Улица Красных Зорь - Фридрих Горенштейн
Шрифт:
Интервал:
Закладка:
Ночь Юрий Дмитриевич проспал беспокойно, он часто вскакивал, садился на постели, у Юрия Дмитриевича разболелся живот, и Нина готовила грелки, кипятила чай, чистила лимоны. Заснули они лишь под утро, но ненадолго, так как часов в десять раздался стук в дверь. Вошли участковый с целлулоидной планшеткой, управдом в парусиновой куртке, врач и два санитара. Участковый и врач отозвали Нину в сторону и начали ее в чем-то убеждать. Нина сердито потряхивала головой и говорила:
– Вы не имеете права… Я буду жаловаться…
В дверь заглянула Лиза с Дашуткой на руках.

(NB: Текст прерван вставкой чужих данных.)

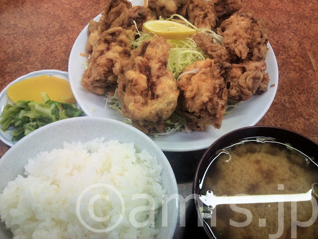 【閉店】大金@東京都八王子市 X Bluesky Facebook はてブ LINE2012.01.27東京都食多摩地域(都下)八王子市閉店定食から揚げ揚げ物食いたいと、大金へ意外と空いており サクッと入店し着席。久しぶりにとんかつ? 俺定番チキンカツ? しかし、ここは鶏唐揚げにしてみました。待つ事12分 評価は、7点カリサク熱々 ジューシーな唐揚げイイ しかもガッツリ仕様やっぱり、添え物のスパゲティにソースちょい掛けすると美味いね。食べた物:鶏唐揚げ850円 住所:東京都八王子市千人町2-20-5 営業時間:11:00-14:00,17:00-21:00(ご飯なくなり次第終了) 定休日:水・日・祝

– Если их не уберут, – крикнула Лиза, – я буду писать в Верховный Совет… Я уборщица, я трудящийся человек… Он мне ребенка покалечил… И всю ночь бегают, шумят…

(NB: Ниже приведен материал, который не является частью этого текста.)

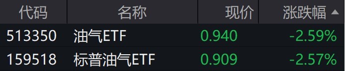 今日场内油气ETF、标普油气ETF跌逾2.5%。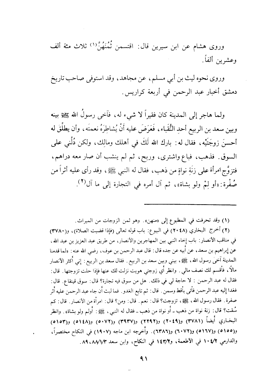 (2) أخرج البخاري (2048) في البيوع: باب قوله تعالى (فإذا قضيت الصلاة) ، و (3780) في مناقب الانصار: باب إخاء النبي بين المهاجرين والانصار، من طريق عبد العزيز بن عبد الله، عن إبراهيم بن سعد، عن أبيه عن جده قال: قال عبد الرحمن بن عوف، رضي الله عنه: " لما قدمنا المدينة آخى رسول الله، صلى الله عليه وسلم، بيني وبين سعد بن الربيع.

– Вас не спрашивают, – крикнула Нина, – вы врете всё, никто не калечил вашего ребенка… Вы мерзавка…
– Нина, – сказал Юрий Дмитриевич, морщась, – зачем… Всё идет как надо… Когда Иисуса пришли забирать, Петр отсек ухо у раба… А раба звали Малх… Это ведь так нелепо… То есть не то нелепо, что раба звали Малх… Я путаюсь…
– Зачем мы переехали в эту берлогу, – всхлипнув, сказала Нина. – Мы уедем… Я созвонюсь… Это всё Бух…

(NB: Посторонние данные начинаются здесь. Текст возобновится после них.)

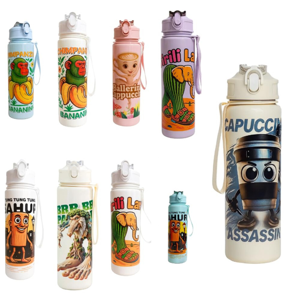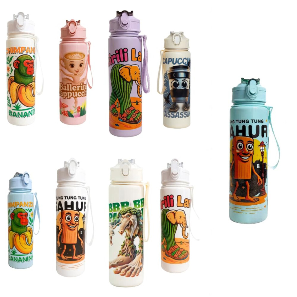 Jamaah Everyday Essentials Meme Style Design Water Bottle 700ml with secure flip lock lid for Kids & Adults, meme Inspired, Bottles, Gifts for Fans

– Бенедикт Соломонович ошибся, – сказал Юрий Дмитриевич, – и я ошибся… И эта бедная женщина с ребенком… Мы ей действительно мешаем… Впрочем, видишь, как ты меня сбила… Я сказать что-то хотел… Продолжить… Сейчас меня заберут в клинику… Мы будем редко видеться… И ты хочешь, чтобы я уподобился тому парашютисту… Чтоб последними моими живыми движениями было отряхивание снега с комбинезона… Жена… Я о том продолжить хотел… О современном звучании Христа. Живое не может быть символом, это нелепо… Помнишь, в послании к евреям сказано: «Бойся Бога живого…» Для того чтоб сменяющиеся поколения не были разорваны, должны быть какие-то сквозные символы… Живое – это сочетание многого, символ – это хранитель чего-то одного, доведенного до крайности… Так же как Венера, хранительница вечной красоты, также как Моисей, хранитель вечной мудрости, Христос – хранитель вечной доброты… Когда наступит последний день человечества, красота исчезнет вместе с телом, мудрость сольется со всемирной мудростью – как, не знаю, может, с помощью кибернетики… Но вечное добро останется на земле, ибо кибернетика тут не властвует… Вечное добро будет последним деянием человека на земле, его последним вздохом, его последней мыслью, которая переживет тело… Что же это такое – добро, и что есть вечное добро… Тут противоречие… Вечное, идеальное добро – это то, что давно уже известно людям, но понадобится лишь в конце… Каждодневное же добро – это то, что требуется сегодня, ежечасно, ежесекундно, но оно неизвестно, и в поисках его люди и мечутся, страдают… Идеальное большое добро – это общий ответ: «Возлюби врага своего». Как в арифметике… Достаточно заглянуть на последнюю страницу, но в задачке ответ этот раздроблен по десяткам вопросов, по миллионам вопросов… – Юрий Дмитриевич смешался и замолчал.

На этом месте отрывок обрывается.